There are a few characteristics necessary for a compound to be suitable as a SSP. The synthesis should be simple, easily scalable and the compound should be obtained in high yields and high purity to prevent possible contaminations of the deposited material. The precursor should be stable in air, have a low toxicity, and, ideally, the thermal decomposition of the complex should yield the thin film/nanoparticles with only volatile byproducts. However, the ligands are often not cleanly evaporating into the gas phase, but undergo complex fragmentations, especially for heteroleptic compounds. For the rational design of precursors yielding materials with the desired properties, insights into the molecular decomposition pathways are necessary.18

One class of single-source precursors for the fabrication of metal sulfide nanoparticles or thin films are transition metal xanthates.19–27 Metal xanthates are the metal salts of xanthic acid, therefore already containing metal–sulfur bonds, and are highly versatile as precursors through the modification of the ligands. Metal xanthates are both easily synthesized and easily converted thermally to the corresponding metal sulfide. The thermolysis occurs at relatively low temperatures with only volatile byproducts, and can be done solventless, or in different media such as solvents or polymers.28 The xanthate's properties can be modified via the choice of the alkyl side chain of the xanthate ligand(s),22,29,30 or by using heteroleptic complexes containing additional ligands such as triphenylphosphine31 or pyridine derivatives.32,33 The modification of volatility and solubility enables the use in different processing methods such as aerosol-assisted chemical vapor deposition, spin coating, drop casting, and co-casting with other metal xanthates or polymers.18,34,35 This allows using xanthates in quite interesting and unconventional applications, one of which is laser printing of xanthates on paper using a mixture of metal xanthate, polymer and commercial toner. Thermal conversion of the precursor in the toner mixture yields metal chalcogenides for printed electronics.34 Another application is to prepare polymer thin films containing xanthate based semiconductor nanostructures for flexible electronics.36

However, the decomposition pathway of metal xanthates, often stated to occur in a Chugaev- or Chugaev-like mechanism (Scheme 1A), is rather complicated. Previous research suggests that the identity of the metal center has only a small influence on the pathway. On the other hand, major differences in the produced byproducts, and therefore the corresponding pathway, were found depending on the alkyl substituent. An alternative pathway was proposed by A. Piquette (Scheme 1B),21 however, the proposed eight-membered cyclic transition state is energetically unfavored and thus very unlikely. Also, this does not account for results of different studies finding the decomposition products expected for the Chugaev-elimination.33 This highlights the need for an in-depth investigation to shed light on the complex decomposition pathway.

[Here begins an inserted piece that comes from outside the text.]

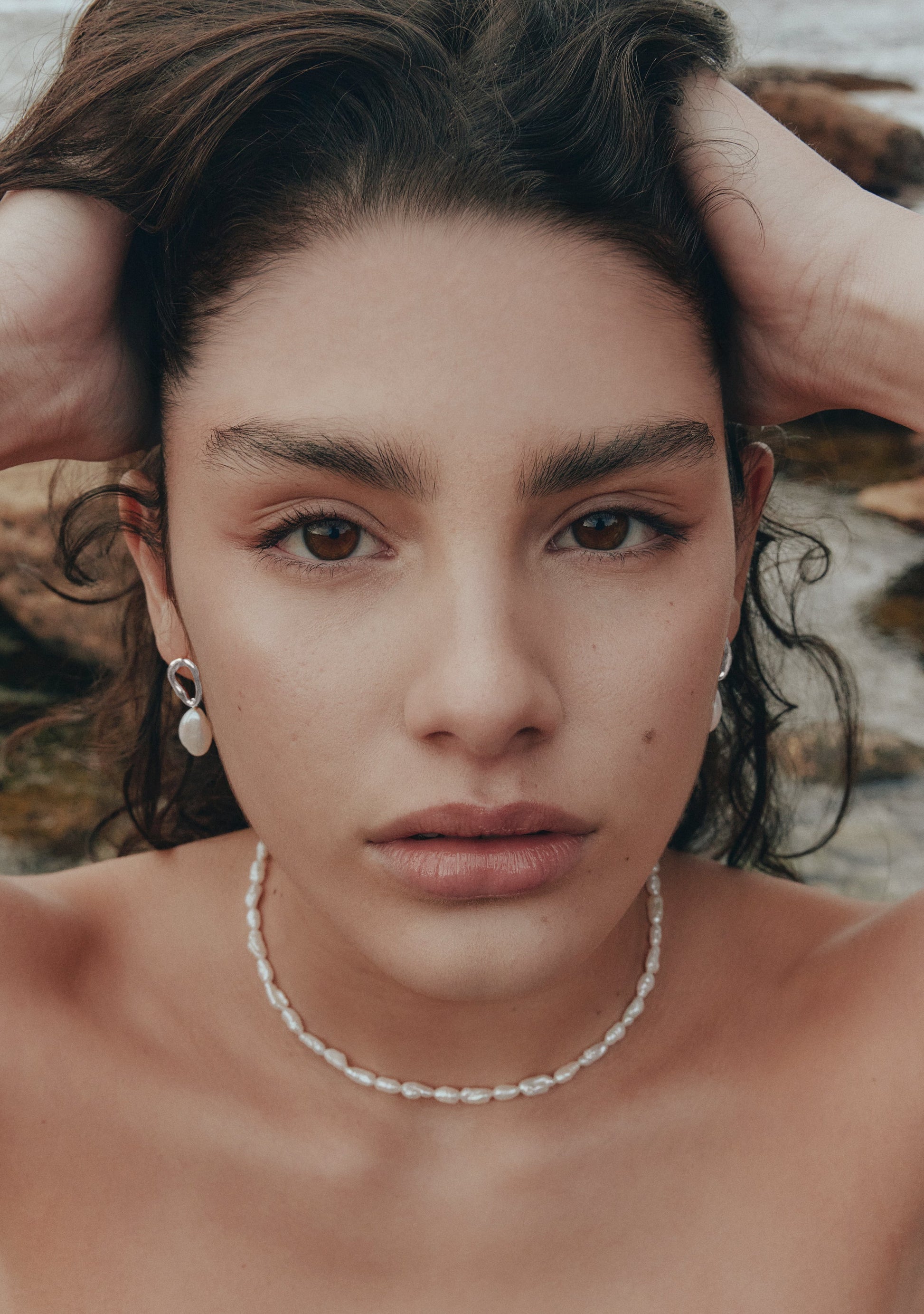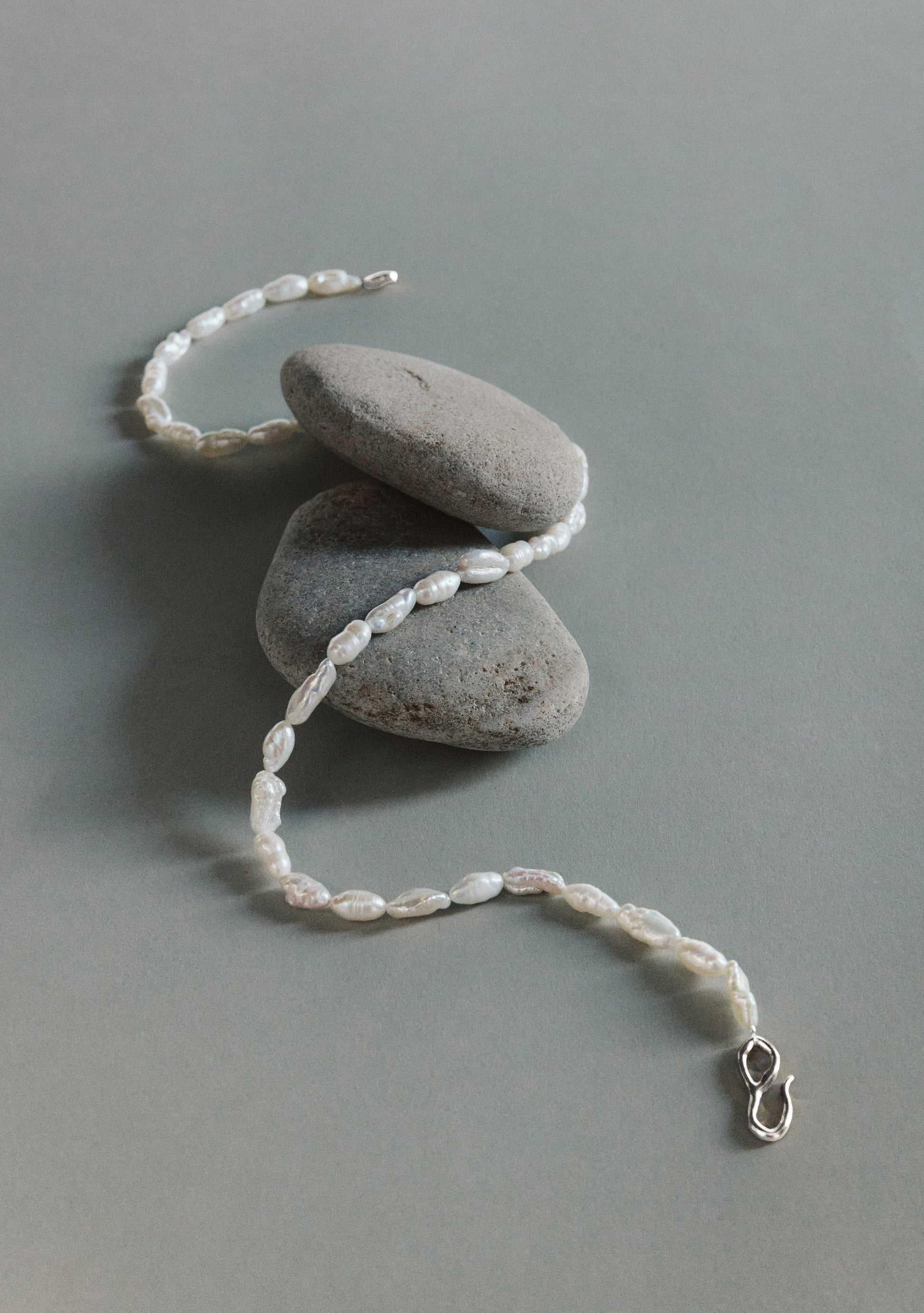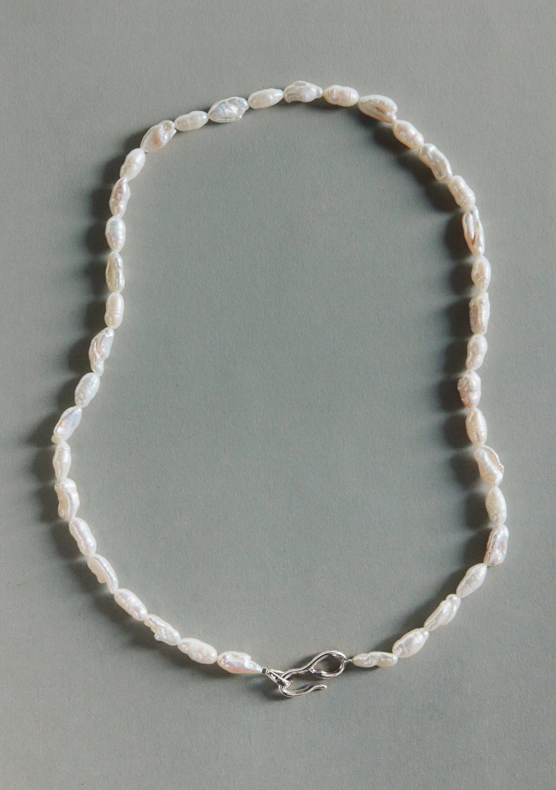 Designed and handcrafted in our Sydney studio, the Cielo Necklace features lustrous freshwater Keshi pearls and a sculptural clasp cast in Sterling Silver. The natural beauty and irregularity of the pearls ensure that no two pieces are exactly alike, making each necklace a truly unique expression of elegant, modern refinement.

image file: d5tc01096a-s1.tif
Scheme 1 (A) Chugaev-like degradation pathway for metal xanthates forming the metal sulfide and COS, alkene and xanthic acid side products. (B) Degradation pathway for xanthates proposed by A. Piquette, yielding a purely organic xanthate via an alkyl transfer.2

Consequently, in this study we prepared a series of nickel xanthates (NiXas) with ligands featuring alkyl chains of differing lengths and branching and studied the decomposition of the xanthates and the properties of the formed nickel sulfide thin films. We characterized the thermal decomposition behavior of the xanthates using thermogravimetric analysis (TGA), TGA-gas chromatography/mass spectrometry (GCMS) and pyrolysis-GC-HRMS, with the focus of this work placed on the decomposition mechanism of the nickel xanthates. Furthermore, we studied the properties of the nickel sulfide thin films using X-ray diffraction (XRD) and temperature dependent grazing incidence wide angle X-ray scattering (GIWAXS).

Results and discussion

Synthesis and characterization

We performed the synthesis of a series of nickel O-alkyl dithiocarbonates (alkyl: methyl (NiXaC1),37,38 ethyl (NiXaC2),38–42n-propyl (NiXaC3),38,41,43 iso-propyl (NiXaC3b, b = branched),38,40,43 iso-butyl (NiXaC4b),37,38,40n-pentyl (NiXaC5),38,40 neo-pentyl (NiXaC5b),44 and n-hexyl (NiXaC6)37,38) according to previously published procedures.29,33 In addition, nickel xanthates with 2-neo-hexyl (NiXaC6b)22 and neo-heptyl (NiXaC7b)22 alkyl chains are investigated in this study. The synthesis route of the precursors is robust and straightforward: the potassium xanthates are synthesized from the corresponding alcohols in a quasi solvent-free synthesis, as the liquid alcohols also function as solvents. Only the solid educt neopentanol required previous dissolution of the alcohol in THF. Both the metal salts and the potassium xanthates are water-soluble, mixing the solutions at room temperature yields the water-insoluble nickel xanthates. The purification is done by simple recrystallization, and all precursors except NiXaC1 are stable in air. For NiXaC1, a significant change in the TGA profile hints at a partial degradation of the precursor after approximately one month.

The solubility of the nickel xanthates can be tuned easily by the choice of the alkyl chain. The solubility in chloroform of the precursor with the shortest possible alkyl chain, NiXaC1, is too low to prepare films. With increasing chain length, the solubility increases, and for NiXaC2 the solubility is already sufficiently high (>0.1 mmol mL−1) to use this precursor for the preparation of thin films.

The procedure and the structures of the prepared xanthates are given in Scheme 2. With the exception of NiXaC5b, for which only a pyridine adduct has been reported,44 the discussed nickel xanthates are already known in the literature. However, NMR spectra (not reported: NiXaC1, NiXaC3, NiXaC5b, NiXaC6) and crystal structures (not reported: NiXaC5, NiXaC5b) have not been published for all compounds so far. The 1H and 13C NMR spectra (Fig. S1–S8) given in the ESI are in accordance with the proposed structures, as well as with the values given for the already literature known compounds.22,39,40


image file: d5tc01096a-s2.tif
Scheme 2 Synthesis route used for the preparation of the nickel xanthates and the chemical structures of the alkyl ligands of the xanthates investigated in this study.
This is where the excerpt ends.